It is commonly used in social media and customer feedback.
Chatbots make use of NLP by learning from human responses and conversational patterns.
These bots then provide a more personalized and intelligent response than a simple yes or no answer.
They are used in customer service, information retrieval, question answering, and sales.
Siri, Alexa, and Google Assistant are examples of virtual assistants.
These programs have been created to help users perform tasks such as making calls, sending messages, ordering items, and setting reminders.
Google search, Bing, Yahoo, etc., are all search engines.
These engines use NLP to analyze search queries to identify and return relevant content to the user.
Tools and Courses to Get You Started with NLP
If you’re looking to get started with NLP, there are a few open-source tools and recommended courses you can check out.
Natural Language Toolkit (NLTK)
Natural Language Toolkit (NLTK) is a Python module that provides tools for working with natural language data.
NLTK includes a parser for many commonly used formal languages (e.g., XML, HTML, RDF, and more), a set of useful statistical and linguistic functions, a library of corpora (texts and parsed text), and a collection of machine learning algorithms.
NLTK is free and open-source software released under the GNU General Public License.
Apache OpenNLP is a suite of Natural Language Processing (NLP) tools written in Java.
It includes a parser, tokenizer, part-of-speech tagger, named entity recognition, and sentence splitter.
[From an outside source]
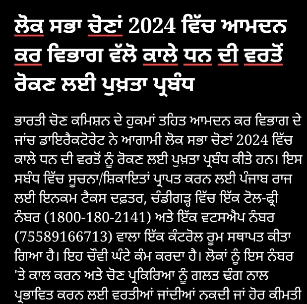 ਭਾਰਤੀ ਚੋਣ ਕਮਿਸ਼ਨ ਦੇ ਹੁਕਮਾਂ ਤਹਿਤ ਆਮਦਨ ਕਰ ਵਿਭਾਗ ਦੇ ਜਾਂਚ ਡਾਇਰੈਕਟੋਰੇਟ ਨੇ ਆਗਾਮੀ ਲੋਕ ਸਭਾ ਚੋਣਾਂ 2024 ਵਿੱਚ ਕਾਲੇ ਧਨ ਦੀ ਵਰਤੋਂ ਨੂੰ ਰੋਕਣ ਲਈ ਪੁਖ਼ਤਾ ਪ੍ਰਬੰਧ ਕੀਤੇ ਹਨ। ਇਸ ਸਬੰਧ ਵਿੱਚ ਸੂਚਨਾ/ਸ਼ਿਕਾਇਤਾਂ ਪ੍ਰਾਪਤ ਕਰਨ ਲਈ ਪੰਜਾਬ ਰਾਜ ਲਈ ਇਨਕਮ ਟੈਕਸ ਦਫ਼ਤਰ, ਚੰਡੀਗੜ੍ਹ ਵਿੱਚ ਇੱਕ ਟੋਲ-ਫ੍ਰੀ ਨੰਬਰ (1800-180-2141) ਅਤੇ ਇੱਕ ਵਟਸਐਪ ਨੰਬਰ (75589166713) ਵਾਲਾ ਇੱਕ ਕੰਟਰੋਲ ਰੂਮ ਸਥਾਪਤ ਕੀਤਾ ਗਿਆ ਹੈ। ਇਹ ਚੌਵੀ ਘੰਟੇ ਕੰਮ ਕਰਦਾ ਹੈ। ਲੋਕਾਂ ਨੂੰ ਇਸ ਨੰਬਰ ‘ਤੇ ਕਾਲ ਕਰਨ ਅਤੇ ਚੋਣ ਪ੍ਰਕਿਰਿਆ ਨੂੰ ਗਲਤ ਢੰਗ ਨਾਲ ਪ੍ਰਭਾਵਿਤ ਕਰਨ ਲਈ ਵਰਤੀਆਂ ਜਾਂਦੀਆਂ ਨਕਦੀ ਜਾਂ ਹੋਰ ਕੀਮਤੀ ਵਸਤੂਆਂ ਨਾਲ ਸਬੰਧਤ ਵਿਸ਼ੇਸ਼ ਜਾਣਕਾਰੀ ਦੇਣ ਲਈ ਉਤਸ਼ਾਹਿਤ ਕੀਤਾ ਜਾਂਦਾ ਹੈ। ਕਾਲ ਕਰਨ ਵਾਲਿਆਂ ਦੀ ਪਛਾਣ ਗੁਪਤ ਰੱਖੀ ਜਾਵੇਗੀ। ਕਿਸੇ ਜ਼ਿਲ੍ਹੇ ਨਾਲ ਸਬੰਧਤ ਸ਼ਿਕਾਇਤਾਂ ਤੇ ਕਾਰਵਾਈ ਕਰਨ ਲਈ ਹਰੇਕ ਜ਼ਿਲ੍ਹੇ ਵਿੱਚ ਅਧਿਕਾਰੀਆਂ ਅਤੇ ਇੰਸਪੈਕਟਰਾਂ ਦੀਆਂ ਟੀਮਾਂ ਤਾਇਨਾਤ ਕੀਤੀਆਂ ਗਈਆਂ ਹਨ। ਸੂਚਨਾ ਦੀ ਪ੍ਰਮਾਣਿਕਤਾ ਦੇ ਆਧਾਰ ‘ਤੇ ਅਤੇ ਜਾਂਚ ਤੋਂ ਬਾਅਦ ਉਚਿਤ ਮਾਮਲਿਆਂ ‘ਚ ਕਾਨੂੰਨ ਅਨੁਸਾਰ ਨਕਦੀ ਆਦਿ ਜ਼ਬਤ ਕਰਨ ਦੀ ਕਾਰਵਾਈ ਕੀਤੀ ਜਾਵੇਗੀ। ਇਸ ਵਿਸ਼ੇਸ਼ ਮਕਸਦ ਲਈ 100 ਦੇ ਕਰੀਬ ਅਧਿਕਾਰੀ ਅਤੇ ਇੰਸਪੈਕਟਰ ਤਾਇਨਾਤ ਕੀਤੇ ਗਏ ਹਨ। ਇਹ ਟੀਮਾਂ ਜ਼ਿਲ੍ਹਾ ਚੋਣ ਅਫ਼ਸਰ (ਡੀ.ਈ.ਓ.) ਦੇ ਜ਼ਿਲ੍ਹਾ ਕੰਟਰੋਲ ਰੂਮ ਦੇ ਨਾਲ-ਨਾਲ ਜ਼ਿਲ੍ਹਾ ਪੱਧਰ ‘ਤੇ ਹੋਰ ਏਜੰਸੀਆਂ ਨਾਲ ਨਜ਼ਦੀਕੀ ਤਾਲਮੇਲ ਵਿੱਚ ਕੰਮ ਕਰਨਗੀਆਂ। ਚੋਣ ਪ੍ਰਕਿਰਿਆ ਦੌਰਾਨ ਬੇਹਿਸਾਬ ਨਕਦੀ ਦੇ ਪ੍ਰਬੰਧਨ ਵਿੱਚ ਸੰਭਾਵਿਤ ਤੌਰ ‘ਤੇ ਸ਼ਾਮਲ ਵਿਅਕਤੀਆਂ, ਸਥਾਨਾਂ ਅਤੇ ਗਤੀਵਿਧੀਆਂ ‘ਤੇ ਸਖ਼ਤ ਨਜ਼ਰ ਰੱਖੀ ਜਾ ਰਹੀ ਹੈ। ਏਅਰ ਇੰਟੈਲੀਜੈਂਸ ਯੂਨਿਟ (AIU) ਪੰਜਾਬ ਰਾਜ ਦੇ ਸਾਰੇ ਹਵਾਈ ਅੱਡਿਆਂ ਦੇ ਨਾਲ-ਨਾਲ ਰਾਜ ਲਈ ਵਪਾਰਕ ਉਡਾਣਾਂ ਦੀ ਸੇਵਾ ਕਰਨ ਵਾਲੇ ਹਵਾਈ ਅੱਡਿਆਂ ‘ਤੇ ਕਾਰਜਸ਼ੀਲ ਹੈ। ਇਹ ਯੂਨਿਟ ਹਵਾਈ ਰਾਹੀਂ ਨਕਦੀ ਦੀ ਆਵਾਜਾਈ ‘ਤੇ ਤਿੱਖੀ ਨਜ਼ਰ ਰੱਖ ਰਹੇ ਹਨ। ਇਸੇ ਤਰ੍ਹਾਂ ਰੇਲਵੇ ਰਾਹੀਂ ਨਕਦੀ ਆਦਿ ਦੀ ਆਵਾਜਾਈ ‘ਤੇ ਵੀ ਰੇਲਵੇ ਅਧਿਕਾਰੀਆਂ ਨਾਲ ਤਾਲਮੇਲ ਕਰਕੇ ਨਿਗਰਾਨੀ ਰੱਖੀ ਜਾ ਰਹੀ ਹੈ। ਬੈਂਕ ਖਾਤਿਆਂ ਤੋਂ ਇੱਕ ਨਿਸ਼ਚਿਤ ਸੀਮਾ ਤੋਂ ਵੱਧ ਨਕਦੀ ਕਢਵਾਉਣ ਨਾਲ ਸਬੰਧਤ ਜਾਣਕਾਰੀ ਪ੍ਰਾਪਤ ਕੀਤੀ ਜਾ ਰਹੀ ਹੈ ਅਤੇ ਸ਼ੱਕੀ ਲੈਣ-ਦੇਣ ਦੀ ਪਛਾਣ ਕਰਨ ਅਤੇ ਉਚਿਤ ਕਾਰਵਾਈ ਕਰਨ ਲਈ ਕਾਰਵਾਈ ਕੀਤੀ ਜਾ ਰਹੀ ਹੈ। ਡਾਇਰੈਕਟੋਰੇਟ ਉਮੀਦਵਾਰਾਂ ਦੀਆਂ ਜਾਇਦਾਦਾਂ ਅਤੇ ਦੇਣਦਾਰੀਆਂ ਨੂੰ ਘੋਸ਼ਿਤ ਕਰਨ ਵਾਲੇ ਹਲਫ਼ਨਾਮਿਆਂ ਦੀ ਵੀ ਜਾਂਚ ਕਰੇਗਾ ਅਤੇ ਜੇਕਰ ਇਸ ਨਾਲ ਸਬੰਧਤ ਕੋਈ ਵੀ ਜਾਣਕਾਰੀ ਛੁਪਾਈ ਹੋਈ ਹੈ, ਤਾਂ ਉਸ ਦੀ ਸੂਚਨਾ ਚੋਣ ਕਮਿਸ਼ਨ ਨੂੰ ਦਿੱਤੀ ਜਾਵੇਗੀ। ਇਸੇ ਤਰ੍ਹਾਂ ਜੇਕਰ ਉਮੀਦਵਾਰਾਂ ਵੱਲੋਂ ਚੋਣ ਖਰਚੇ ਸਬੰਧੀ ਕੋਈ ਇਤਰਾਜ਼ਯੋਗ ਜਾਣਕਾਰੀ ਇਕੱਠੀ ਕੀਤੀ ਜਾਂਦੀ ਹੈ ਤਾਂ ਉਸ ਦੀ ਸੂਚਨਾ ਚੋਣ ਕਮਿਸ਼ਨ ਨੂੰ ਵੀ ਦਿੱਤੀ ਜਾਵੇਗੀ ।

These tools are often used to perform NLP tasks such as
- sentiment analysis
- text categorization
- document summarization
- and information extraction.
Stanford NLP tools are open-source software tools used to analyze text for key phrases, sentiment, topics, and more.
These tools are available for free and are widely used by researchers in Natural Language Processing and related fields.
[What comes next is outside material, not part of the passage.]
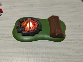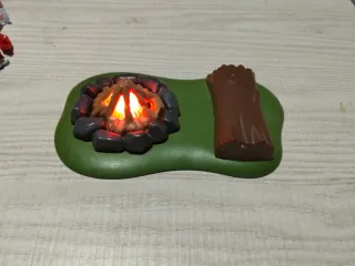 Set de Playmobil que incluye una hoguera con efecto de luz y un tronco. - Base verde con forma de terreno. - Hoguera con piedras y llamas naranjas. - Tronco de árbol marrón.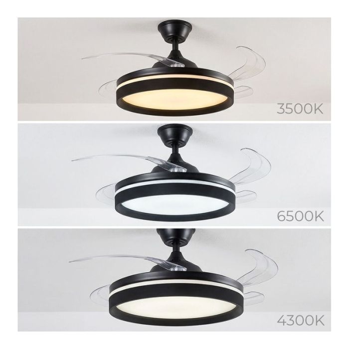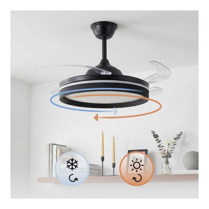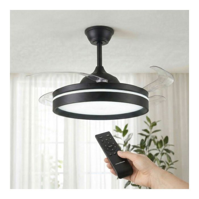 INNOVAGOODS Ventilador de Techo con Luz LED y Aspas Retráctiles Motor DC Silencioso 6 Velocidades Negro

They include the following: Stanford CoreNLP, Stanford POS Tagger, Stanford Parser, Stanford Tokenizer, Stanford Named Entity Recognizer (NER), and more.
IBM Applied AI Certificate
The IBM Applied Artificial Intelligence Certificate Program is a course designed to provide students with a practical understanding of artificial intelligence (AI) and machine learning technologies and foundational skills for building and deploying applications in an AI-enabled world.
Udemy NLP Courses
Udemy offers a variety of natural language processing (NLP) courses that cover topics like machine learning, text mining, data science, NLP, and artificial intelligence (AI).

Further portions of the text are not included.